WHAT YOU NEED TO DO: Once the pictures have been set aside, copy every remaining entry exactly.

RECORDS FOR PROCESSING:
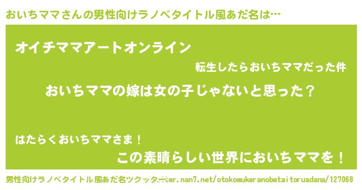 | 女子向けラノベタイトル風あだ名 | 『おいちママの卵を拾いまして』 |
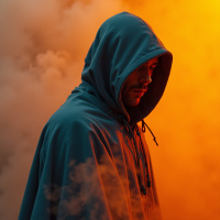 the dramatic effect of the scene. Overall, the image presents a striking and enigmatic figure, shrouded in mystery and obscurity. The use of smoke or fog as a backdrop adds to the sense of drama and tension, making the image feel both haunting and captivating.
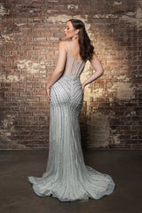 Introduce the new trend with this LA Merchandise LA8156 sheath gown. It exudes elegance and features a sheer corset bodice, delicate straps, sequins, and beaded embellishments. The high slit and horsehair hem adds drama, while the zipper back ensures a perfect fit. Finished with a sweep train, it's ideal for pageants, prom, and red-carpet events.
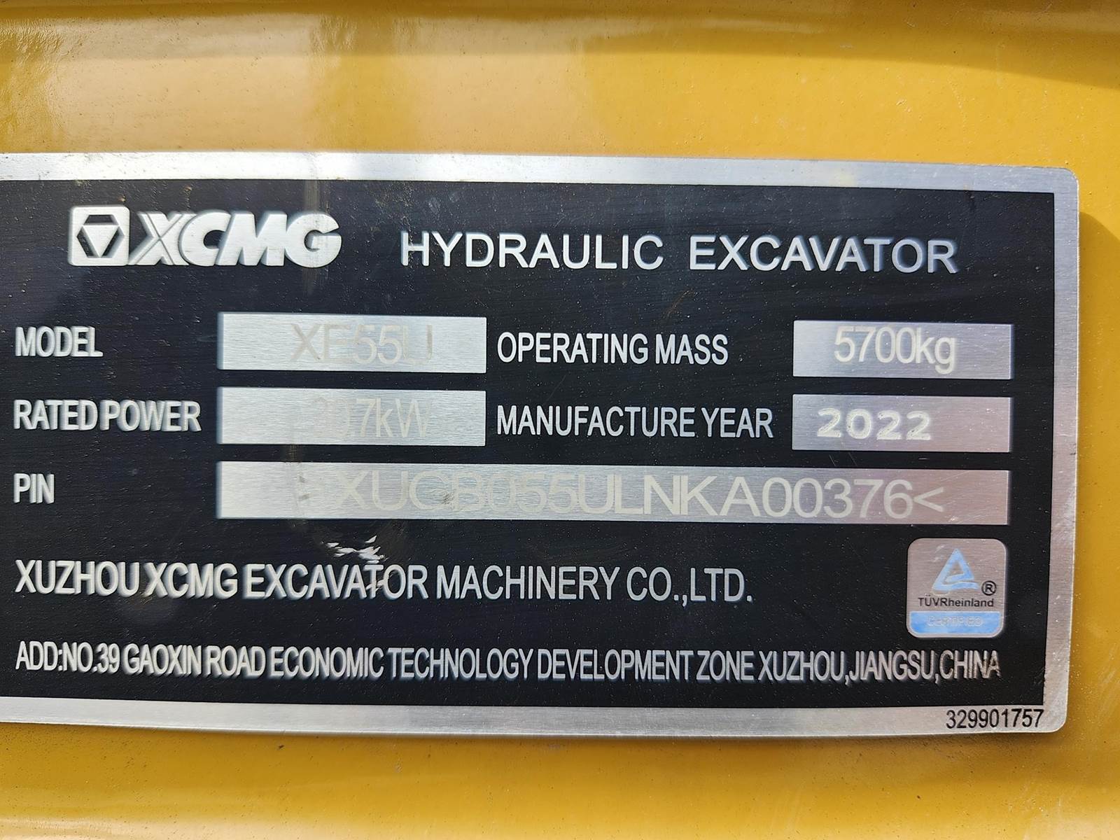 2021 Xcmg XE55U Mini Excavator
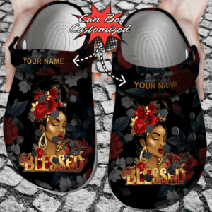 Merchidea Personalized Black Woman Just Blessed Clog Shoes
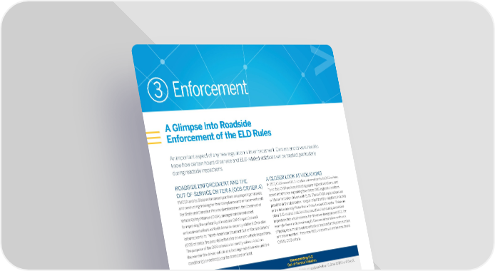 10 3 Enforcement ROADSIDE ENFORCEMENT AND THE OUT-OF-SERVICE CRITERIA (OOS CRITERIA) FMCSA and its State enforcement partners are preparing materials and conducting training for their compliance and enforcement staff. For State and Canadian Provincial enforcement, the Commercial Vehicle Safety Alliance (CVSA), an organization dedicated to improving the uniformity of roadside CMV inspection and enforcement efforts in North America, recently added ELD-related information to its “North American Standard Out-of-Service Criteria” (OOS criteria), the pass-fail criteria for driver and vehicle inspections. The purpose of the OOS criteria is to identify critical violations that render the driver, vehicle and/or cargo out of service until the condition(s) or defect(s) can be corrected or fixed. A CLOSER LOOK AT VIOLATIONS In 2017, CVSA added ELD violation information to its OOS criteria. To do this, CVSA reviewed existing paper logbook violations, and added information explaining how these OOS logbook violations will be enforced on drivers with ELDs. These CVSA explanations are provided in the table below. Keep in mind that the violations included in the table are only those that will result in an OOS order. There are other ELD-related violations that could be cited during a roadside inspection, but would not result in the driver being placed OOS. For example, these include missing ELD record information such as a shipping document number, a truck or tractor identification number, or a trailer number. These non-OOS violations will not be included in CVSA’s OOS criteria. An important aspect of any new regulation is its enforcement. Carriers and drivers need to know how certain hours of service and ELD-related violations will be treated, particularly during roadside inspections. A Glimpse Into Roadside Enforcement of the ELD Rules Paper Logbook Out-of-Service Violation Corresponding ELD Out-of-Service Violation No record of duty status (i.e., log) 1. If a driver is required to have an ELD and the vehicle is not equipped with an ELD (or AOBRD until Dec 17, 2019), the driver is considered to have no record of duty status 2. If a driver does not log into the ELD as required (see 395.22(e)), the driver is considered to have no record of duty status 3. If a driver is unable to produce or transfer the data from and AOBRD or ELD to an authorized safety official as required by 395.15(b) or 395.24(d), the driver is considered to have no record of duty status 4. If a driver/carrier is using an ELD that is not authorized by the FMCSA per 395.22(a), the driver/carrier is considered to have no record of duty status 5. If a carrier does not repair a malfunctioning ELD within 8 days, or obtain an extension from the FMCSA Division Administrator as required by 395.34(d), the driver is considered to have no record of duty status False log If a driver is required to have an ELD and the vehicle is not equipped with an ELD (or AOBRD until Dec 17, 2019), the driver is considered to have no record of duty status Driver not in possession of previous seven (7) days of logs If a driver with a malfunctioning AOBRD or ELD fails to reconstruct logs for the current 24-hour period and the previous 7 days as required by 395.15(f) or 395.34(a)(2), the driver is considered to not have the previous 7 days of logs 1. 2. 3.
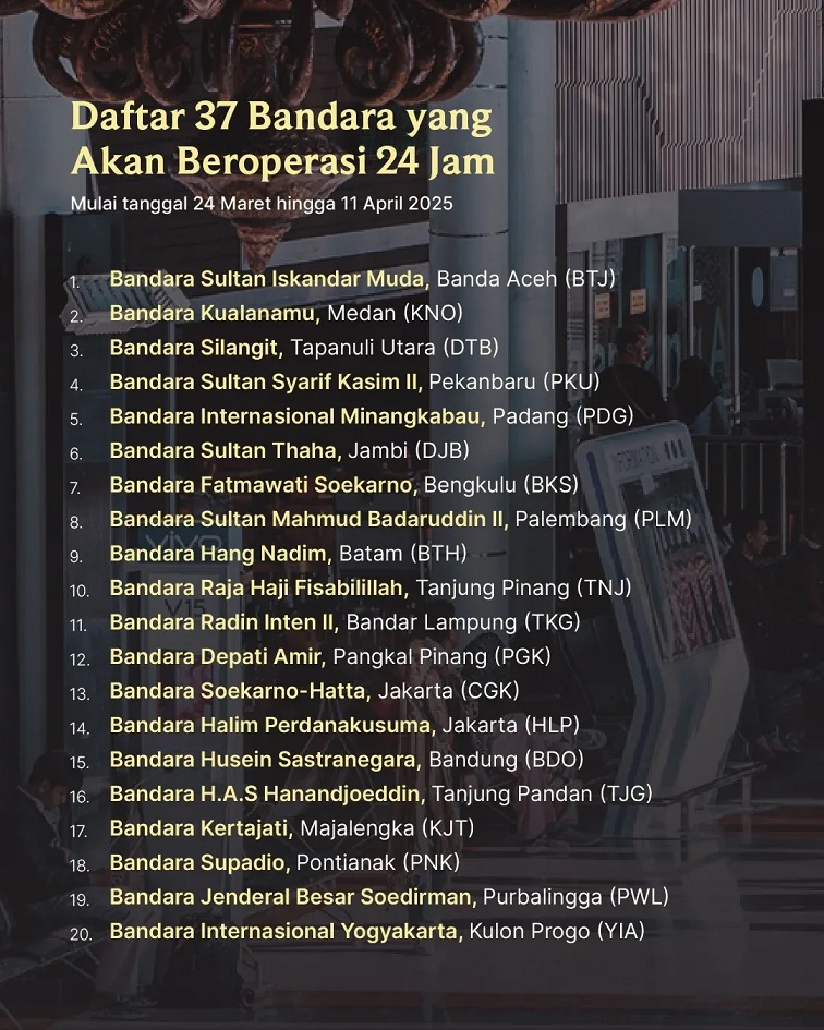 Seiring dengan itu, beberapa bandara yang ada di Indonesia juga menerapkan sistem pelayanan 24 jam. Terhitung pada periode Libur Lebaran sejak 24 Maret hingga 11 April 2025, 37 Bandara tersebut akan menemani perjalanan mudik dan libur lebaranmu.
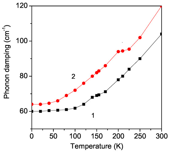 Temperature dependence of the phonon damping of the A1g mode = 495 cm−1 in (1) pure and (2) Sr (x = 0.1) doped LMO thin film, d = 20 nm.
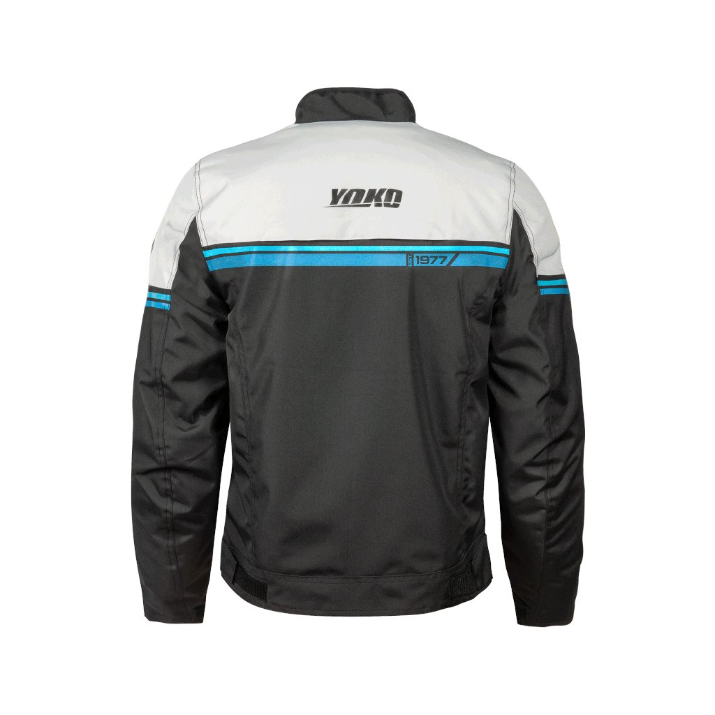 Functional textile jacket for a YOKO Gartsa motorcycle with a fitting cut and a stylish design. It is made of (CE) certified comfortable and strong material Hydropol 600. The jacket has detachable and (CE) certified elbow and shoulder protectors. Security is further enhanced by strategically placed reflective elements. Comfort is provided by a breathable and waterproof YZ lining and a permanent ventilation hole on the back. Thanks to two front pockets, a welded and waterproof inner chest pocket, the jacket provides sufficient and secure space for small items such as keys, phone, wallet and more. You can attach the jacket to any motorcycle pants thanks to the zipper at the bottom.
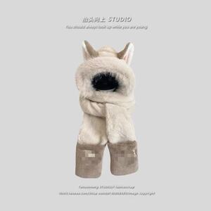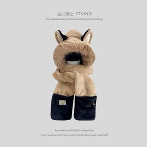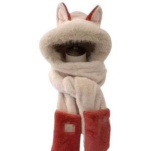冬季保暖护耳帽骑行手套围脖三件套火狐狸耳朵毛绒帽子围巾一体女
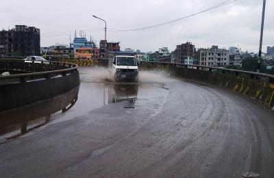 গতকাল ১৬ সেপ্টেম্বর বিকেলে তোলা ছবি এটি। ফ্লাইওভারের উপরে একস্থানে ৪/৫ ইঞ্চি পানি জমে আছে। বৃষ্টি শেষ হযেছে আরও ঘন্টা দুয়েক আগে। ছবিতে দেখা যাচ্ছে ফ্লাইওভারের উপরিভাগ পুরোটাই অত্যন্ত স্যাতস্যাতে। পানি দ্রুত নেমে না গেলে যা হয় আরকি...
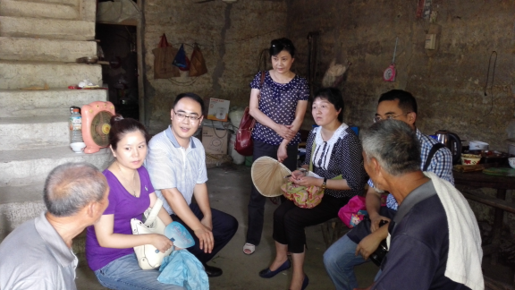 2016年7月28日上午,四川省商务发展事务中心人事培训党小组一行6人在组长熊毅副主任的带领下,一大早出发赶到帮扶对象邻水县城南镇芭蕉村7组刘汝生家,与帮扶村民刘汝生、村干部刘凤余进行了细致的交流,为刘汝生一家带去了党员同志们自发捐赠的电饭煲,家用小洗衣机、衣物、背包等日用品,还给刘汝生的一对孙子孙女带去了近百册的图书、小礼品、食品等。除此之外,还按照党支部结对帮扶计划带去了购买鸡苗、新农合医疗保险及学校伙食补贴款。
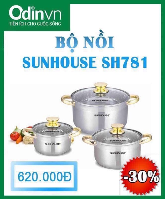 🔆🆘️🔆♻️⚛Thông tin chung: BỘ NỒI INOX 5 ĐÁY SUNHOUSE SH781
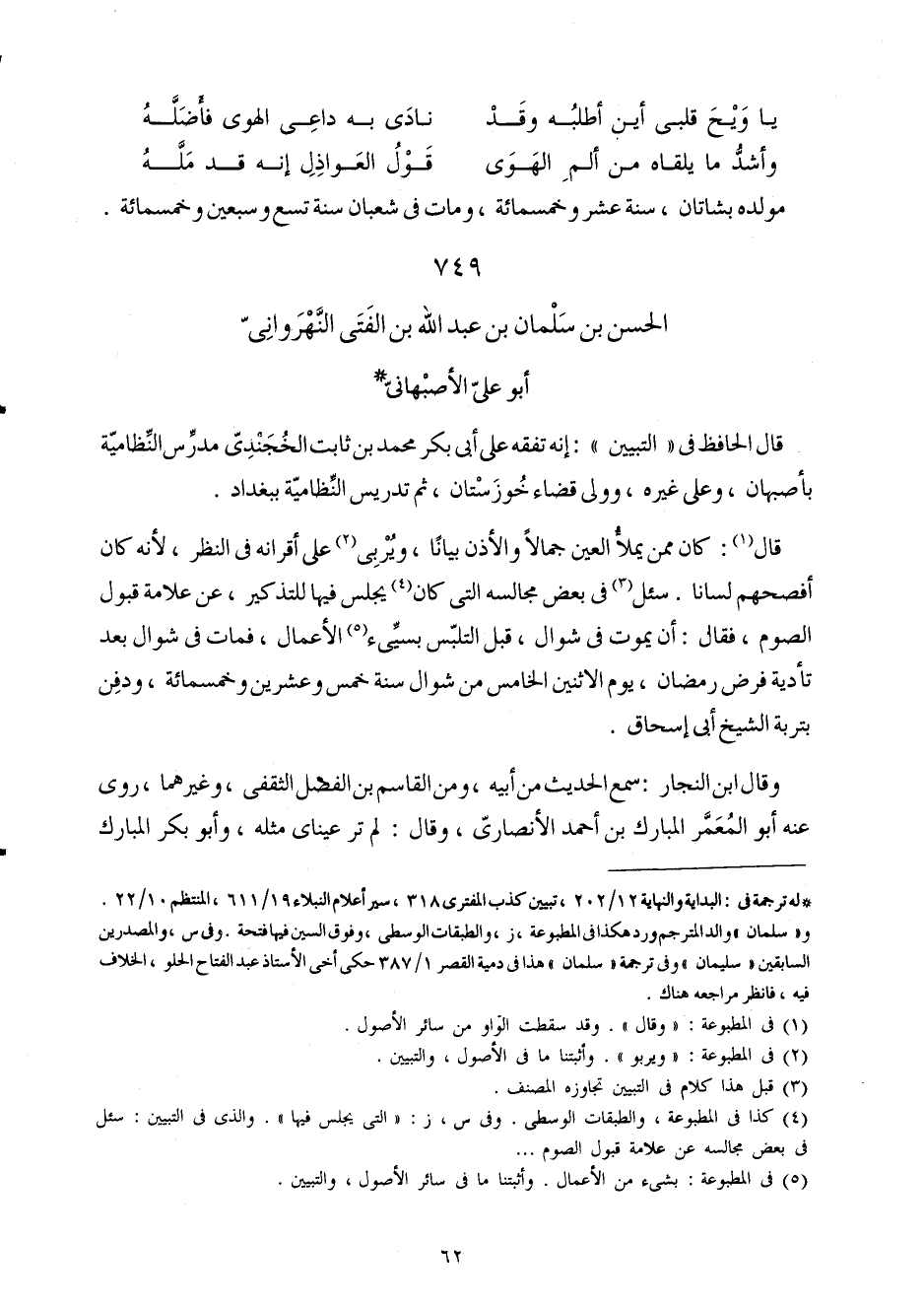 749 - الْحسن بن سلمَان بن عبد الله بن الْفَتى النهرواني أَبُو عَليّ الْأَصْبَهَانِيّ

WRITTEN ANSWER:
 | 女子向けラノベタイトル風あだ名 | 『おいちママの卵を拾いまして』 |
 the dramatic effect of the scene. Overall, the image presents a striking and enigmatic figure, shrouded in mystery and obscurity. The use of smoke or fog as a backdrop adds to the sense of drama and tension, making the image feel both haunting and captivating.
 Introduce the new trend with this LA Merchandise LA8156 sheath gown. It exudes elegance and features a sheer corset bodice, delicate straps, sequins, and beaded embellishments. The high slit and horsehair hem adds drama, while the zipper back ensures a perfect fit. Finished with a sweep train, it's ideal for pageants, prom, and red-carpet events.
 2021 Xcmg XE55U Mini Excavator
 Merchidea Personalized Black Woman Just Blessed Clog Shoes
 10 3 Enforcement ROADSIDE ENFORCEMENT AND THE OUT-OF-SERVICE CRITERIA (OOS CRITERIA) FMCSA and its State enforcement partners are preparing materials and conducting training for their compliance and enforcement staff. For State and Canadian Provincial enforcement, the Commercial Vehicle Safety Alliance (CVSA), an organization dedicated to improving the uniformity of roadside CMV inspection and enforcement efforts in North America, recently added ELD-related information to its “North American Standard Out-of-Service Criteria” (OOS criteria), the pass-fail criteria for driver and vehicle inspections. The purpose of the OOS criteria is to identify critical violations that render the driver, vehicle and/or cargo out of service until the condition(s) or defect(s) can be corrected or fixed. A CLOSER LOOK AT VIOLATIONS In 2017, CVSA added ELD violation information to its OOS criteria. To do this, CVSA reviewed existing paper logbook violations, and added information explaining how these OOS logbook violations will be enforced on drivers with ELDs. These CVSA explanations are provided in the table below. Keep in mind that the violations included in the table are only those that will result in an OOS order. There are other ELD-related violations that could be cited during a roadside inspection, but would not result in the driver being placed OOS. For example, these include missing ELD record information such as a shipping document number, a truck or tractor identification number, or a trailer number. These non-OOS violations will not be included in CVSA’s OOS criteria. An important aspect of any new regulation is its enforcement. Carriers and drivers need to know how certain hours of service and ELD-related violations will be treated, particularly during roadside inspections. A Glimpse Into Roadside Enforcement of the ELD Rules Paper Logbook Out-of-Service Violation Corresponding ELD Out-of-Service Violation No record of duty status (i.e., log) 1. If a driver is required to have an ELD and the vehicle is not equipped with an ELD (or AOBRD until Dec 17, 2019), the driver is considered to have no record of duty status 2. If a driver does not log into the ELD as required (see 395.22(e)), the driver is considered to have no record of duty status 3. If a driver is unable to produce or transfer the data from and AOBRD or ELD to an authorized safety official as required by 395.15(b) or 395.24(d), the driver is considered to have no record of duty status 4. If a driver/carrier is using an ELD that is not authorized by the FMCSA per 395.22(a), the driver/carrier is considered to have no record of duty status 5. If a carrier does not repair a malfunctioning ELD within 8 days, or obtain an extension from the FMCSA Division Administrator as required by 395.34(d), the driver is considered to have no record of duty status False log If a driver is required to have an ELD and the vehicle is not equipped with an ELD (or AOBRD until Dec 17, 2019), the driver is considered to have no record of duty status Driver not in possession of previous seven (7) days of logs If a driver with a malfunctioning AOBRD or ELD fails to reconstruct logs for the current 24-hour period and the previous 7 days as required by 395.15(f) or 395.34(a)(2), the driver is considered to not have the previous 7 days of logs 1. 2. 3.
 Seiring dengan itu, beberapa bandara yang ada di Indonesia juga menerapkan sistem pelayanan 24 jam. Terhitung pada periode Libur Lebaran sejak 24 Maret hingga 11 April 2025, 37 Bandara tersebut akan menemani perjalanan mudik dan libur lebaranmu.
 Temperature dependence of the phonon damping of the A1g mode = 495 cm−1 in (1) pure and (2) Sr (x = 0.1) doped LMO thin film, d = 20 nm.
 Functional textile jacket for a YOKO Gartsa motorcycle with a fitting cut and a stylish design. It is made of (CE) certified comfortable and strong material Hydropol 600. The jacket has detachable and (CE) certified elbow and shoulder protectors. Security is further enhanced by strategically placed reflective elements. Comfort is provided by a breathable and waterproof YZ lining and a permanent ventilation hole on the back. Thanks to two front pockets, a welded and waterproof inner chest pocket, the jacket provides sufficient and secure space for small items such as keys, phone, wallet and more. You can attach the jacket to any motorcycle pants thanks to the zipper at the bottom.
冬季保暖护耳帽骑行手套围脖三件套火狐狸耳朵毛绒帽子围巾一体女
 গতকাল ১৬ সেপ্টেম্বর বিকেলে তোলা ছবি এটি। ফ্লাইওভারের উপরে একস্থানে ৪/৫ ইঞ্চি পানি জমে আছে। বৃষ্টি শেষ হযেছে আরও ঘন্টা দুয়েক আগে। ছবিতে দেখা যাচ্ছে ফ্লাইওভারের উপরিভাগ পুরোটাই অত্যন্ত স্যাতস্যাতে। পানি দ্রুত নেমে না গেলে যা হয় আরকি...
 2016年7月28日上午,四川省商务发展事务中心人事培训党小组一行6人在组长熊毅副主任的带领下,一大早出发赶到帮扶对象邻水县城南镇芭蕉村7组刘汝生家,与帮扶村民刘汝生、村干部刘凤余进行了细致的交流,为刘汝生一家带去了党员同志们自发捐赠的电饭煲,家用小洗衣机、衣物、背包等日用品,还给刘汝生的一对孙子孙女带去了近百册的图书、小礼品、食品等。除此之外,还按照党支部结对帮扶计划带去了购买鸡苗、新农合医疗保险及学校伙食补贴款。
 🔆🆘️🔆♻️⚛Thông tin chung: BỘ NỒI INOX 5 ĐÁY SUNHOUSE SH781
 749 - الْحسن بن سلمَان بن عبد الله بن الْفَتى النهرواني أَبُو عَليّ الْأَصْبَهَانِيّ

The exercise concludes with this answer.